Industry’s Focus Evolves
Tom Flaherty is a partner with Strategy& – a part of the PwC network – who has focused on utility growth strategy, mergers and acquisitions (M&A), and business transformation for over forty years. He has been involved with approximately eighty percent of utility M&A stock transactions greater than a billion dollars in the U.S., and supported clients in Great Britain, Italy, Spain, France, Argentina, Venezuela, Australia, and Canada in consolidation or carve-out assignments. He has also provided expert testimony in more than thirty jurisdictions on utility combinations and benefits.
For much of their history, utilities have been considered to be patient subscribers to industry sponsored research and development. Focused research and development was reserved for the largest companies with the greatest need for applied outcomes.
If investment was made in research and development, it generally focused on a few key topics around two principal areas of generation. These were, for example, nuclear technology advancement and coal emissions control.

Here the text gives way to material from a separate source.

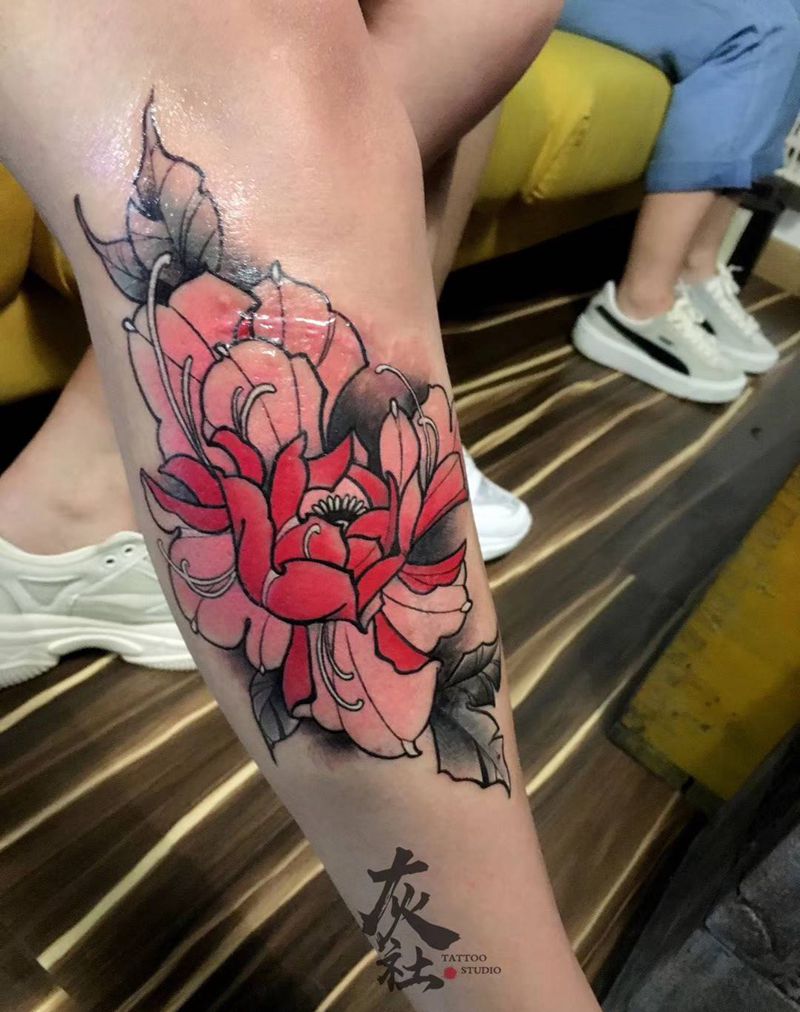 遮盖疤痕纹身图片_腿部New School遮盖疤痕牡丹纹身图案

Both of these areas were viewed by utility sponsors as creating advantage for future central station design. They were worth the expenditure level for the anticipated value of the outcome.
Over time, financial challenges emerged. Interest waned and spend levels atrophied. Utilities became dependent on external trade groups, universities and the federal government for both new ideas and basic and applied research.
As a result, the pace of technological change was slow. The adoption rate for new technologies was even slower.